Test-prep, survey costs spark discussion at brief PEP meeting

The focus of discussion at yesterday’s record short Panel for Educational Policy’s meeting was a contract not even up for a vote. That contract would have allocated close to $4 million toward printing and distributing the school environment surveys to students and parents, half of whom skip filling them out.

The agenda item was quietly removed from the slate of contracts, which included special education services, test-preparatory software, and gasoline for the Department of Education’s car fleet, after Queens representative Dmytro Fedkowskyj grilled officials about it at a Monday evening contracts meeting.

“I think that it’s an enormous amount of money to spend to push paper around,” he said again during the panel meeting, which lasted just 35 minutes. “I’m hopeful that we’ll have another robust conversation about this again under hopefully different terms.”

Officials said the paper survey distribution system would help boost participation rates, which for students are around 82 percent, and for parents have steadily increased from 26 to 53 percent since 2007. The city uses the survey results to assess school performance on the annual progress reports and sometimes to justify school closure plans.

David Ross, the department’s head of contracting, did not explain why the contract was removed at the eleventh hour, but noted that it did not “need to move” this month. It’s possible that the contract would not have won approval this month anyway if it failed to receive enough votes from the panel, which was short two mayoral appointees yesterday evening. The panel has never rejected a city proposal, but in March it had to table a contract because several members could not cast impartial votes.

Patrick Sullivan, the Manhattan representative to the panel, said he would like to see a more economical proposal that did not involve sending reams of paper to parents. But officials said the contract was not likely to change between now and this fall, when it will likely be brought up for a vote.

“I already wasn’t going to vote for it,” Sullivan said.

Sullivan also led a quick back-and-forth with officials over a $350,000 contract that would purchase software for elementary and middle school test preparation.

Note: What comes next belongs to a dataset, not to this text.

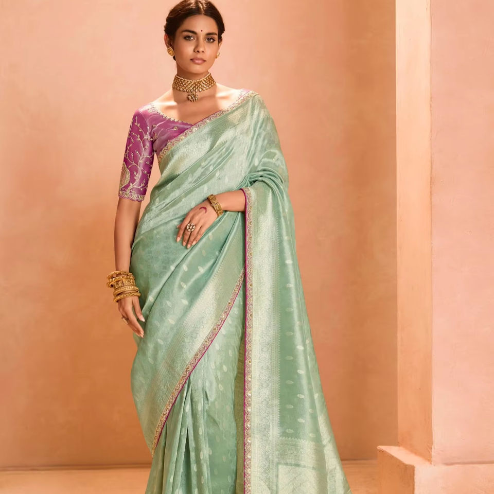 ชุดส่าหรีผ้าไหมคุณภาพสูงสำหรับผู้หญิงดีไซน์เนอร์ผ้าเนื้อแก้วเนื้อนุ่มปักลายขอบสไตล์ดั้งเดิมสมัยใหม่สำหรับงานแต่งงานอินเดีย

“Why do we need test-prep software? Why do we need test-prep at all?” he said. “There’s already a whole battery of assessments, interim assessments, predictive assessments and what not. I don’t understand why in this environment, when we don’t have enough money to pay teachers and class sizes are up, we have to spend money to do test prep.”

Chief Academic Officer Shael Polakow-Suransky responded flatly that, “we’re certainly not encouraging schools to spend more time or money on test prep.” Rather, he said, the contract served to give schools the option to use software programs to support the work they’re already doing to align their reading and math curricula to the Common Core State Standards, and prepare for new state tests that will cover those standards.

Even with four panel members absent (mayoral appointees Rosemarie Maldonado and Ian Shapiro, and Brooklyn representative Gbubemi Okotieuro and Staten Island representative Diane Peruggia), all of the contracts were quickly approved.